Суббота навсегда
Шрифт:
Сухих плодов, пожалуйста!..
— Эти звезды надо мной…
— Этот нравственный закон во мне… — передразнил юношу Педрильо. Оба переигрывали, словно разговор вели в присутствии безымянного третьего — по меньшей мере, зрительного зала, не почтённого присутствием автора. Раскатывая матрас, взятый на случай, если ночь застигнет их вдали от жилья, Педрильо продолжал: — Вы, должно быть, забыли, что говорит Евангелие: главное не распаляться, лучше уж сыграть в «единую плоть».

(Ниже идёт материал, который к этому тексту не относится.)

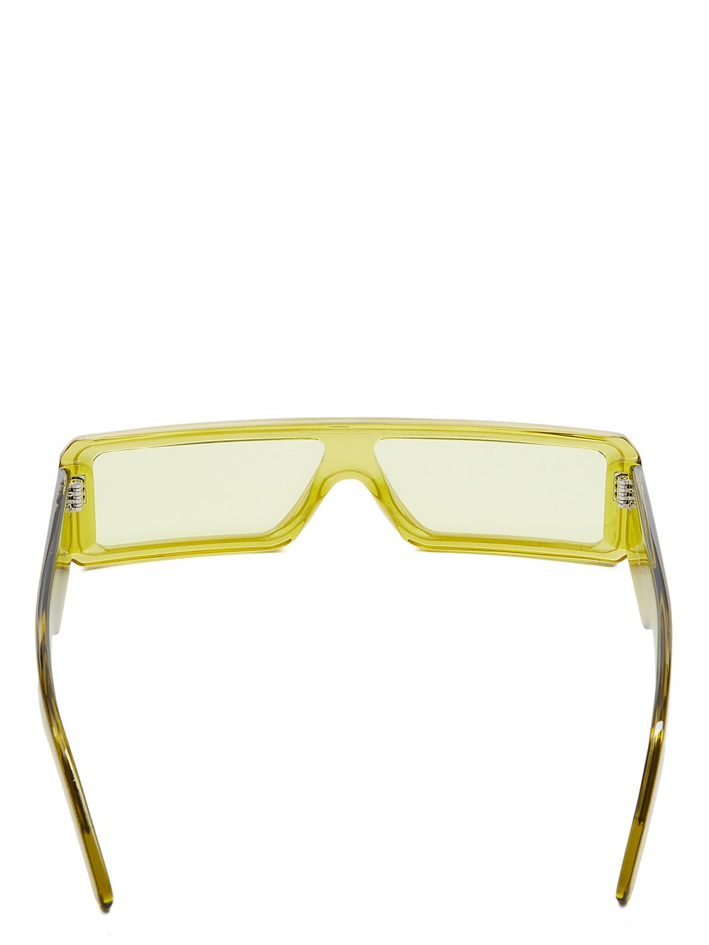 THESE GETH SUNGLASSES FEATURE A SLEEK AND SLIM RECTANGULAR BLACK ACETATE FRAME WITH A SINGLE CUT LENS. THEY HAVE WIDE ARMS WITH THE SIGNATURE TRIO OF SILVER RIVETS ON EACH TEMPLE AND RICK OWENS LOGO ON INSIDE RIGHT.

— Молчи, дурак. Это сказано для таких, как ты. Жить как раз и означает распаляться, притом что согрешить — заказано, согрешить — смертью кончить…
— Ну, это, положим, еще не смерть,
Бельмонте его перебил:
— Я хочу поскорей уснуть, хочу забыться. День был жаркий.
— То ли еще впереди, когда наступит лето. Спите, ваша милость. Пусть приятно вас освежит во сне брызнувший персик.
— Если юность — пора страданий, то я всегда буду юным. Покойной ночи, Педрильо. Посмотри, как пылает эта звезда. Какой восторг на небе.
(— «Звездная ночь» Ван-Гога, — прошептала Блондхен, прижимаясь лбом к иллюминатору. — Знаешь, где я впервые ее увидала? На репродукции в журнале «Америка». Там еще был «Сон цыганки» Руссо.)
С восходом солнца они тронулись в путь и к полудню достигли Кастекса. Открывшийся их взорам город белел на солнце посреди выжженной земли, как кости. Такого жаркого лета старожилы и не помнили. Земля даже не трескалась, а походила на золу, ссыпаясь из горсти черной струйкой. Пересохло в жерлах самых глубоких колодцев, пили только сантуринское, которое, как всегда, имелось в изобилии. Есть в такую жару не хотелось; люди заставляли себя отрезать по кусочку от копченой грудинки и снедать с ломтиком сухого безвкусного хлеба. Сиеста опустилась на город, как полярная ночь опускается на поселок Мирный.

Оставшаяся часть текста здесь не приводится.